73 In my respectful view, the appellant's criticisms of the primary judge's finding on this matter is based on a false premise, namely that Div 4 of Pt 7 constitutes an exhaustive statement of the hearing limb of natural justice requirements, with the consequence that a source of power has to be found within the provisions in that Division for the sending of the two letters. That premise underpins the appellant's ultimate submission that the source of power can only be s 424. The flaw in this argument is that it overstates the effect of s 422B, which confines the exhaustive ambit of Div 4 to matters which are dealt with in the Division. This leaves residual room for the natural justice hearing rule to apply to matters which are not dealt with in Div 4.
74 No appealable error has been demonstrated in respect of the primary judge's finding that s 424(2) had no application to the two invitation letters. Ground 3 of the notice of appeal is rejected.
75 In these circumstances, it is unnecessary to determine ground 4, which is predicated on the Court accepting the appellant's contention that the primary judge erred in finding that s 424 did not apply to the two letters.

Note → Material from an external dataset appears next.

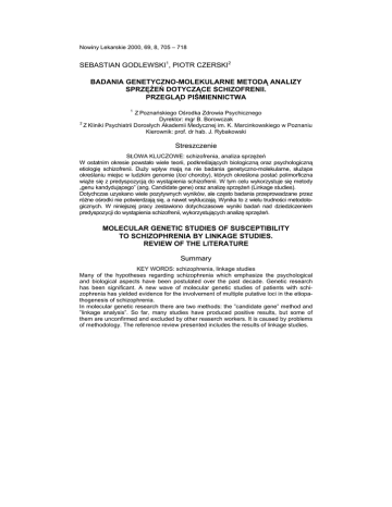 Nowiny Lekarskie 2000, 69, 8, 705 – 718 SEBASTIAN GODLEWSKI1, PIOTR CZERSKI2 BADANIA GENETYCZNO-MOLEKULARNE METODĄ ANALIZY SPRZĘŻEŃ DOTYCZĄCE SCHIZOFRENII. PRZEGLĄD PIŚMIENNICTWA 1 Z Poznańskiego Ośrodka Zdrowia Psychicznego Dyrektor: mgr B. Borowczak 2 Z Kliniki Psychiatrii Dorosłych Akademii Medycznej im. K. Marcinkowskiego w Poznaniu Kierownik: prof. dr hab. J. Rybakowski Streszczenie SŁOWA KLUCZOWE: schizofrenia, analiza sprzężeń W ostatnim okresie powstało wiele teorii, podkreślających biologiczną oraz psychologiczną etiologię schizofrenii. Duży wpływ mają na nie badania genetyczno-molekularne, służące określaniu miejsc w ludzkim genomie (loci choroby), których określona postać polimorficzna wiąże się z predyspozycją do wystąpienia schizofrenii. W tym celu wykorzystuje się metody „genu kandydującego” (ang. Candidate gene) oraz analizę sprzężeń (Linkage studies). Dotychczas uzyskano wiele pozytywnych wyników, ale często badania przeprowadzane przez różne ośrodki nie potwierdzają się, a nawet wykluczają. Wynika to z wielu trudności metodologicznych. W niniejszej pracy zestawiono dotychczasowe wyniki badań nad dziedziczeniem predyspozycji do wystąpienia schizofrenii, wykorzystujących analizę sprzężeń. MOLECULAR GENETIC STUDIES OF SUSCEPTIBILITY TO SCHIZOPHRENIA BY LINKAGE STUDIES. REVIEW OF THE LITERATURE Summary KEY WORDS: schizophrenia, linkage studies Many of the hypotheses regarding schizophrenia which emphasize the psychological and biological aspects have been postulated over the past decade. Genetic research has been significant. A new wave of molecular genetic studies of patients with schizophrenia has yielded evidence for the involvement of multiple putative loci in the etiopathogenesis of schizophrenia. In molecular genetic research there are two methods: the ”candidate gene” method and ”linkage analysis”. So far, many studies have produced positive results, but some of them are unconfirmed and excluded by other reaserch workers. It is caused by problems of methodology. The reference review presented includes the results of linkage studies. 706 S. Godlewski, P. Czerski Wstęp W ostatnim okresie powstało wiele teorii podkreślających biologiczną oraz psychologiczną etiologię schizofrenii. Próbą syntezy różnych koncepcji jest teoria „podatności i stresu” opisana przez Nuechterlein i Dawson w 1984 roku [22, 41]. Zakłada ona, że takie czynniki predestynujące jak: uszkodzenia ośrodkowego układu nerwowego, obciążenie rodzinne oraz deficyty w rozwoju neuropsychologicznym mają znaczenie w rozwoju osobowości pacjenta. W sytuacji subiektywnie odczuwanego stresu, zaburzenia rozwoju osobowości mają istotny związek z wystąpieniem objawów schizofrenicznych. W niniejszej pracy przedstawiono badania dotyczące znaczenia czynników genetycznych w patogenezie schizofrenii. Pierwsze próby badań rodzinnych w schizofrenii podjęto już w latach dwudziestych obecnego stulecia (Luxenberger, Rudin) [52]. Analizowano częstość występowania schizofrenii u krewnych pierwszego stopnia, bliźniąt jedno- i dwujajowych oraz u dzieci adoptowanych. Obecnie uznaje się, że częstość występowania schizofrenii u dziecka osoby chorej wynosi 12%. Gdy oboje rodzice chorują na schizofrenię, częstość zachorowań dzieci rośnie do 40%. W przypadku bliźniąt jednojajowych prawdopodobieństwo wystąpienia omawianego schorzenia u obu bliźniąt wynosi 47%, analizując zaś przypadki zachorowania u bliźniąt dwujajowych uzyskano wynik 12% [22]. Częstość występowania schizofrenii u osób pochodzących z rodzin obciążonych chorobą, adoptowanych do rodzin zdrowych – wynosi średnio 14,4% (23,5% w przypadku chorego krewnego I stopnia oraz 9,9% w przypadku chorego krewnego II stopnia) [33]. Powyższe wyniki uzasadniają badania genetyczne w określaniu predyspozycji do schizofrenii, ale również podkreślają wpływ czynników środowiskowych na występowanie schizofrenii. Współczesne badania genetyczno-molekularne mają na celu określenie miejsca w ludzkim genomie (loci choroby), którego określona postać polimorficzna wiąże się z predyspozycją do wystąpienia schizofrenii. Lokalizowanie owych loci może odbywać się poprzez przeszukiwanie całego genomu i identyfikowanie zmienionych polimorficznych sekwencji DNA u pacjentów ze schizofrenią. Drugą metodą jest badanie „genu kandydującego” (ang. candidate gene), a więc szukanie zależności (asocjacji) pomiędzy występowaniem choroby a różnymi allelami genów kodujących białka wskazywane jako istotne w hipotezach dotyczących powstawania schizofrenii. Badania genetyczno-molekularne metodą analizy sprzężeń dotyczące schizofrenii ... 707 METODY BADAŃ GENETYCZNYCH Metoda „genu kandydującego” (ang. candidate gene) Wyniki badań farmakologicznych i biochemicznych wskazują na istotne znaczenie zaburzeń w zakresie funkcjonowania układów neuroprzekaźnikowych: dopaminergicznego, serotoninowego, noradrenergicznego, a także kwasu gamma-aminomasłowego (GABA), neuropeptydów u osób chorujących na schizofrenię. Stąd podjęto badania dotyczące związków między występowaniem schizofrenii a polimorfizmami genów kodujących receptory, transportery neuroprzekaźników, enzymy wpływające na ich metabolizm. Badania te dotyczą więc genów kodujących receptory dopaminowe: D2, D3, D4 serotoninowe (szczególnie receptor 5HT2A) a także gen kodujący transporter dopaminy, gen kodujący enzym katecholo-O-metylotransferazę [19]. W niniejszej pracy wyniki badań asocjacyjnych zostały pominięte. Analiza sprzężeń (ang. linkage studies) Początkowo w badaniach genetycznych używano klasycznych markerów (czyli określonych cech fenotypowych, których dziedziczenie można łatwo badać), takich jak grupy krwi, antygeny zgodności tkankowej (HLA). W latach osiemdziesiątych, w badaniach genetycznych zaczęto używać marker

76 For completeness, as noted above, the Minister did not seek to defend the primary judge's finding at [62] of his reasons for judgment that s 424(2) did not apply to a review applicant. That finding was plainly in error (see SAAP at [6] per Gleeson CJ), but the error is immaterial because the primary judge was correct to conclude on an alternative basis that s 424(2) did not apply to the two invitation letters.
77 In the circumstances, it is also unnecessary to address the Minister's amended notice of contention.